OK. Is this the only target description that occurs in mingw? Did you try it under MSYS and Cygwin? (Just so I can add all necessary target descriptions to the Makefile next time.)
However, later on, I get this:
"gpc -c -s -O2 -march=i486 -mcpu=i686 -I /src/mingw/gcc-3.2.3-20030504- 1/build/gp-0.54 /src/mingw/gcc-3.2.3-20030504-1/build/gp-0.54\gp- parse.c gpc.exe: d:/src/mingw/gcc-3.2.3-20030504-1/build/gp-0.54gp-parse.c: No such file or directory gpc.exe: no input files make: *** [gp-parse.o] Error 1"
Moving "DIR_SEPARATOR=/" to the line just before: "OBJECTS=gpc.o pipes.o pipesc.o stringutils.o fileutils.o md5.o gp- parse.o gp.o $(VERSION_OBJECTS)"

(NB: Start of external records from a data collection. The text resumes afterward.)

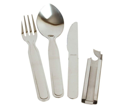 A knife, fork and spoon set. Includes can opener. Stainless steel construction, clip together for compact size in transit.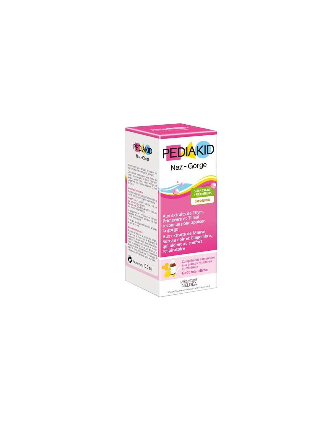 Jarabe natural para niños: 125 ml. Sabor Miel + LímónPediakid® Garganta Nariz utiliza la sinergia de los ingredientes activos naturales más eficaces para luchar contra los resfriados y aliviar el tracto respiratorio (nariz, garganta, pulmones ...), a la primera señal de congestión o irritación. Sus extractos de tomillo y Saúco Negro, son reconocido por su efecto expectorante, que se ven reforzado por La Primavera, Malva, Limón, Acerola, Jengibre, Propóleo, Vitamina C, Cobre y Zinc, que ayudan al cuerpo a combatir. Delicioso sabor a miel y limón concentrado natura.Puede ser usado desde que la alimentacion del niño está diversificada. Agitar antes de usar.Consejos de uso: Menos de 5 años: 1 cucharadita 1-2 veces al día, preferiblemente por la mañana. Mas de 5 años: 2 cucharaditas 1-2 veces al día, preferiblemente por la mañana. Recomendaciones:Consumir en programa de 30 días para eficacia máxima. Puede ser repetido varias veces en el año si es necesario.Mantener fuera del alcance de los niños, el calor y la humedad. Consumir en el marco de una dieta variada y equilibrada y un estilo de vida saludable. Se recomienda no exceder la dosis recomendada. Una vez abierto guardar refrigerado.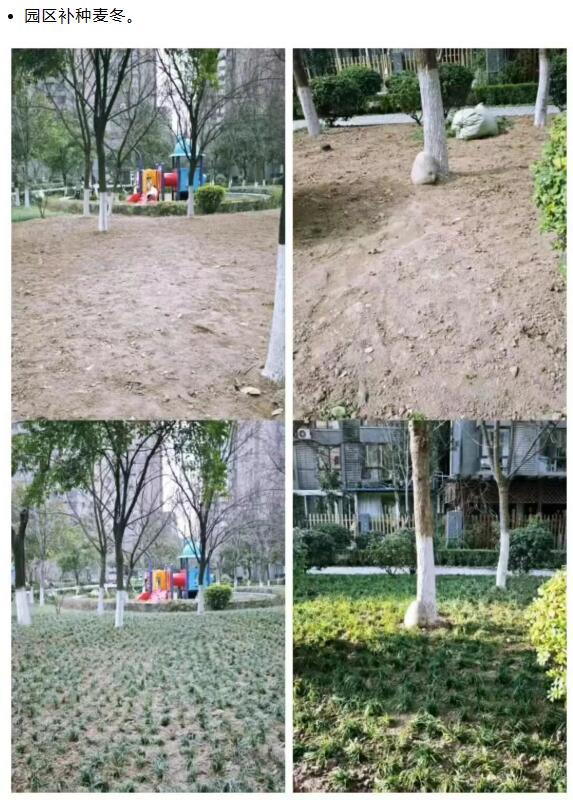 针对小区地面积水、路面不平区域,铺设沥青整改,改善道路状况,让出行更顺畅;外墙、地库漏水维修:全面排查统计漏水隐患,及时修复外墙及屋面漏水,严防雨水渗入,守护家人们的财产安全;园区道沿刷漆:用色彩做好警示,兼顾人车安全与交通引导,同时为园区增添亮色、美化环境;廊桥水系维护:

solves that problem too. But this is of course not a satisfactory solution.
Perhaps it is. I think I was a bit overzealous with DIR_SEPARATOR. Replacing `$(real_srcdir)$(DIR_SEPARATOR)' with `$(real_srcdir)/' in the Makefile (which has the same effect as your resetting DIR_SEPARATOR) seems to work OK for DJGPP.
Most of all, it's good that it runs under Mingw at all. That was probably the hardest target (least POSIX like and I couldn't test it at all).
I have run gp through a number of tests (under Mingw). It is pretty cool! Many congratulations to Frank for a very neat tool.
Thanks.
I have a number of observations/suggestions:
- I see that the GPC_UNIT_PATH environment variable is not used, even
though the compiler proper uses it. It would be very nice if gp would use it too.
OK.
- Any chance of gp using a configuration file
Yes. I'm planning this (and have already started writing it). But I didn't want to delay the initial release any further, so I made it without it.